We had seen their cancellation of aircraft orders until the United States had to compromise to save American jobs in Seattle and Detroit.

The China-Malaysia trade recorded an impressive RM6.8 billion in 2002. China is importing about 2.7 million MT (metric tonnes) of vegetable oil of which 400,000 MT are from palm oil. Palm oil and rubber had been Malaysia's most important exports during the 1998 financial crisis.

At present, Malaysia produces 11.5 million MT of palm oil from 1.38 million hectares of plantations. Indonesia is currently producing about 8.5 million MT and the number of the planting acreage is also on the increase.

By 2006, Indonesia will emerge as the biggest palm oil producer and it will have many advantages that Malaysia cannot compete, including the total cost of production and market networks.

Our leaders are still overwhelmed with the runaway success of the bubble economy created by Mahathir.

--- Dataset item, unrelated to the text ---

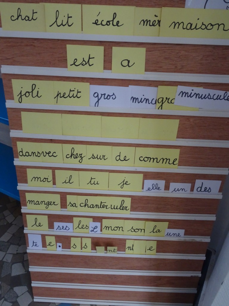 Les enfants aiment travailler de cette façon, ils rangent eux-même les étiquettes à la fin de l’exercice, ce qui prouvent qu’ils ont parfaitement repéré les natures des mots.

The overpriced development projects are financed by heavy borrowing at the expense of future generation.

The massive bill as a result of political cronies' failed privatisation programme had cost Malaysia not less than RM60 billion. The Renong group alone owed Malaysian citizens more than RM30 billion.

Now we enter into the era of Syed Mokhtar-MMC regime which has already recorded a heavy borrowing of RM15 billion in the name of Islamic financing system.

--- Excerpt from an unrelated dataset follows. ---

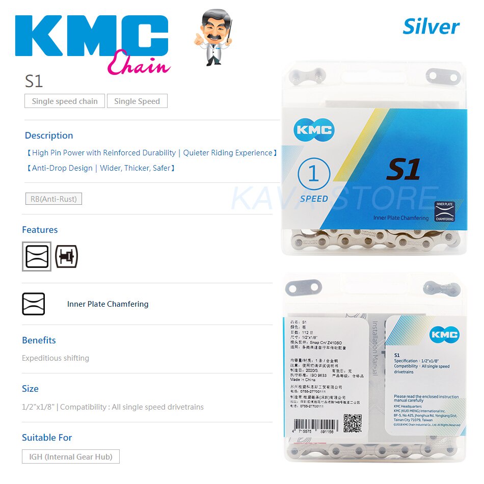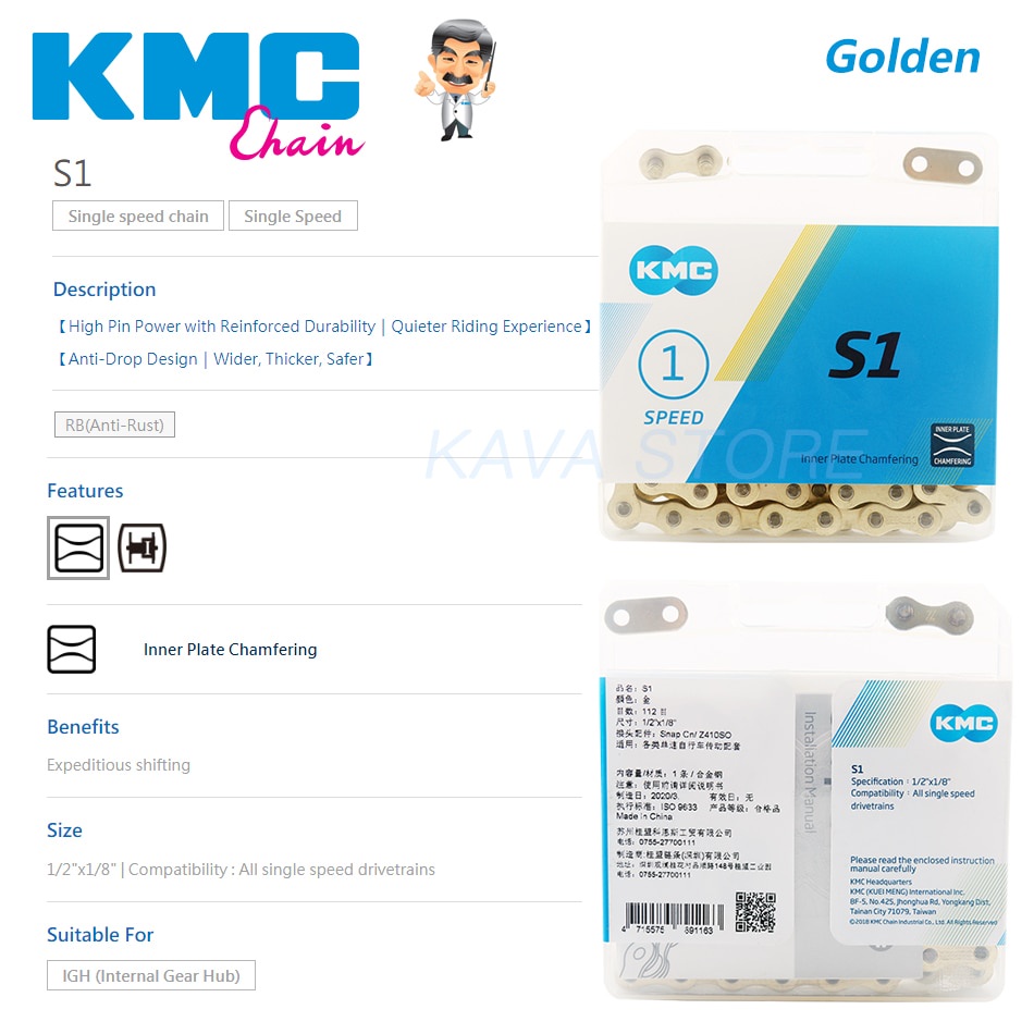 Kmc S1 Dây Xích Tốc Độ Đơn Cố Định Bánh Răng Xích Xe Đạp 112L Urban Giải Trí Gấp Xe Đạp Dây Xích GOLDEN / BẠC Phụ Kiện Xe Đạp

International Trade and Industry Minister Rafidah Aziz is definitely aware of the drastic drop of foreign direct investment and the heavy dependent on the low value-added electronic industries.

Her effort should be focus on the 'smart partnership' with the emerging economies - India and China - rather than living in the false hope that both countries would not retaliate.

While Lim is more of a pragmatic person, he has already seen the dark shadow over the Malaysian palm oil industry.

Indeed, the most important thing to do is to provide a level-playing field through an open international tendering system in the North-South double-tracking rail project. The blind award to MMC-Gamuda should be revoked based on the technical ground (Insufficient input from their eight-page proposal).

If Prime Minister Abdullah Ahmad Badawi refuses to conduct an international open tender on the project, the Royal Parliamentarian Commission must be established to investigate the possibility of malpractice and corruption in this double-tracking project.

If Indian Railway Construction Company (Ircon) and China Railway Engineering Corp (CREC) lost in the open bidding, then we can justify to ourselves that MMC-Gamuda had made it.